Parameter	Description
color_rgba	List of red, green, blue, alpha values in that specific order (each normalized to 1.0)
duration	(seconds)
is_persistent	If True, ‘duration’ is ignored and markers are displayed until removed by flush_persistent_markers()
names/strings	List of strings
points/points_start/points_end/positions	List of list of floats, list of floats refers to [x, y, z]
poses	List of Pose objects, each pose has a translation and rotation component
scale	Scaling factor for text or transform
size	Scale of the point or arrow
thickness	Thickness of line or transform

Refer to the example user script “hello_debug_utils.py” for more details on how to use this visual debugging API.

Drone¶

Drone Object¶

Drone(client, world, name)

Control API¶

Prerequisites¶

Control commands¶

Manual Controller commands¶

set_control_signals(control_signal_map: Dict) - Manually set the control signal outputs.
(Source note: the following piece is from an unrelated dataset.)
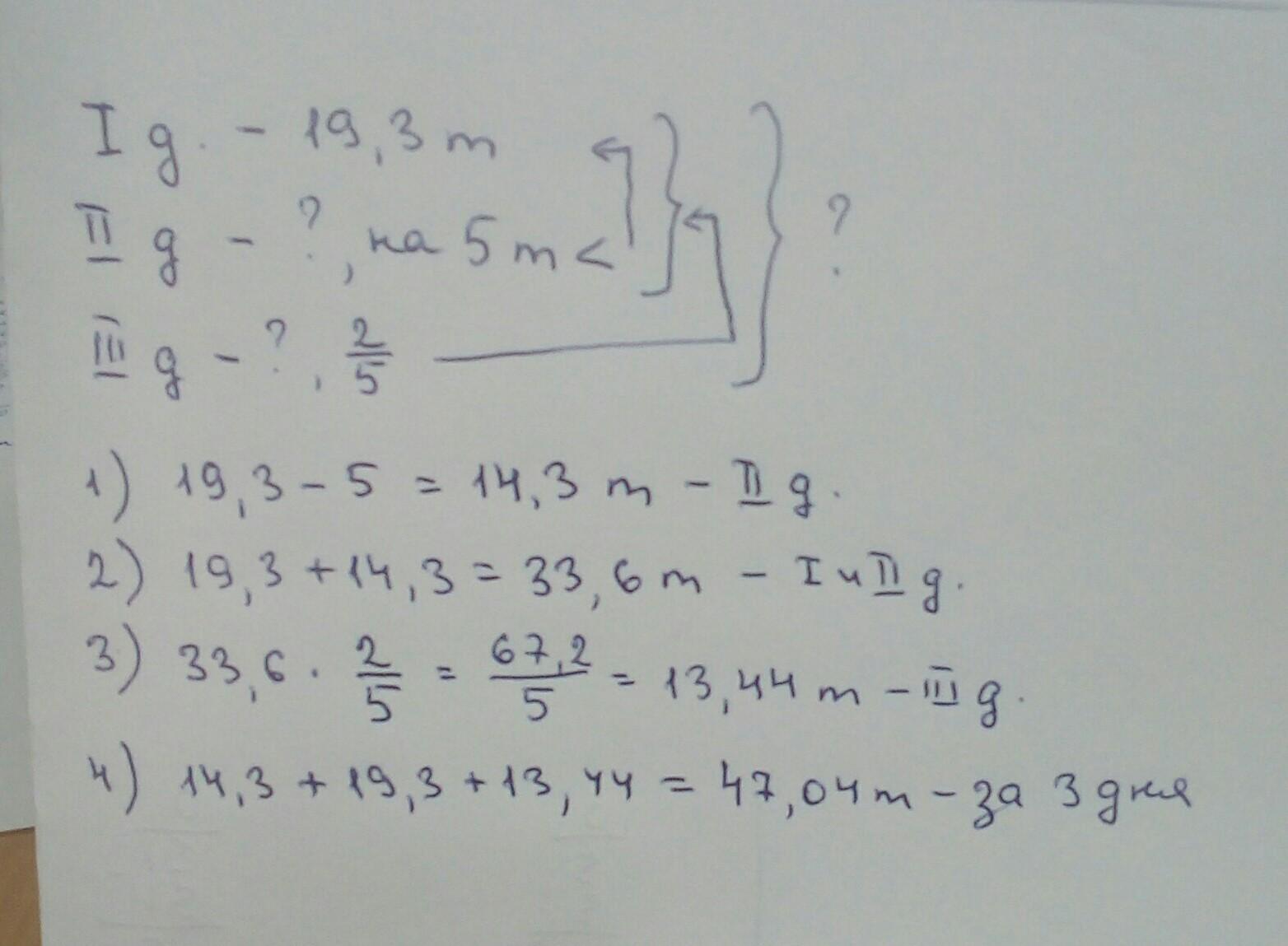 задача на склад в первый день привезли 19,3 тонн картофеля во второй день на 5 тонн меньше чем в первый а в третий 2/5 от количества картофеля привезного в первый и второй день вместе сколкьо тонн картофеля завезли на склад за три дня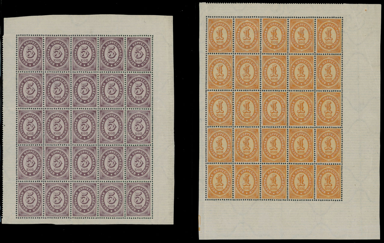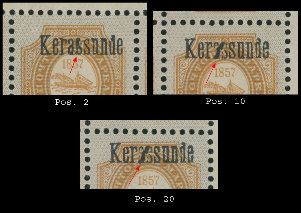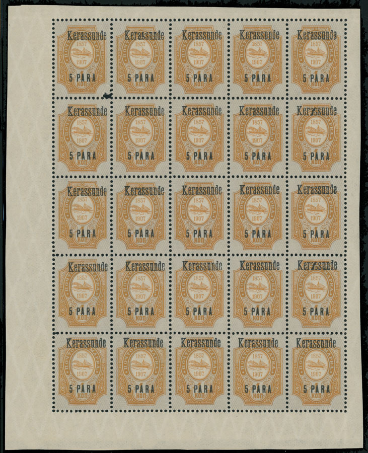 1884, Numerals, 1k orange and yellow, 5k lilac, printed on horizontally laid paper, complete panes of 25; black overprint ”Kerassunde” over 5pa/1k yellow and pale lilac, complete pane of 25, significantly broken overprint letters on positions 2 (first ”s”), 10 and 20 (”a” and ”s”), occasional separations, damaged stamp on position 1 of No.91, full OG, NH, mostly VF, Est. $200-$250, Scott #23, 25, 91

The parameter control_signal_map dictionary has keys as the target actuator ID string (e.g. "Prop_FR_actuator") and values as the control signal output float value (e.g. 0.3). Multiple control signals can be set in a single call and the values will remain as set until the next call to set them again.

State API¶

get_ground_truth_kinematics()
get_ground_truth_pose()
set_pose(pose, reset_kinematics)
set_mission_mode(callback)
set_vtol_mode_async(vtol_mode, callback)
set_ground_truth_kinematics(kinematics: Dict) - Allows the client to set the Kinematic state of the drone. Here the dictionary kinematics is in the following format.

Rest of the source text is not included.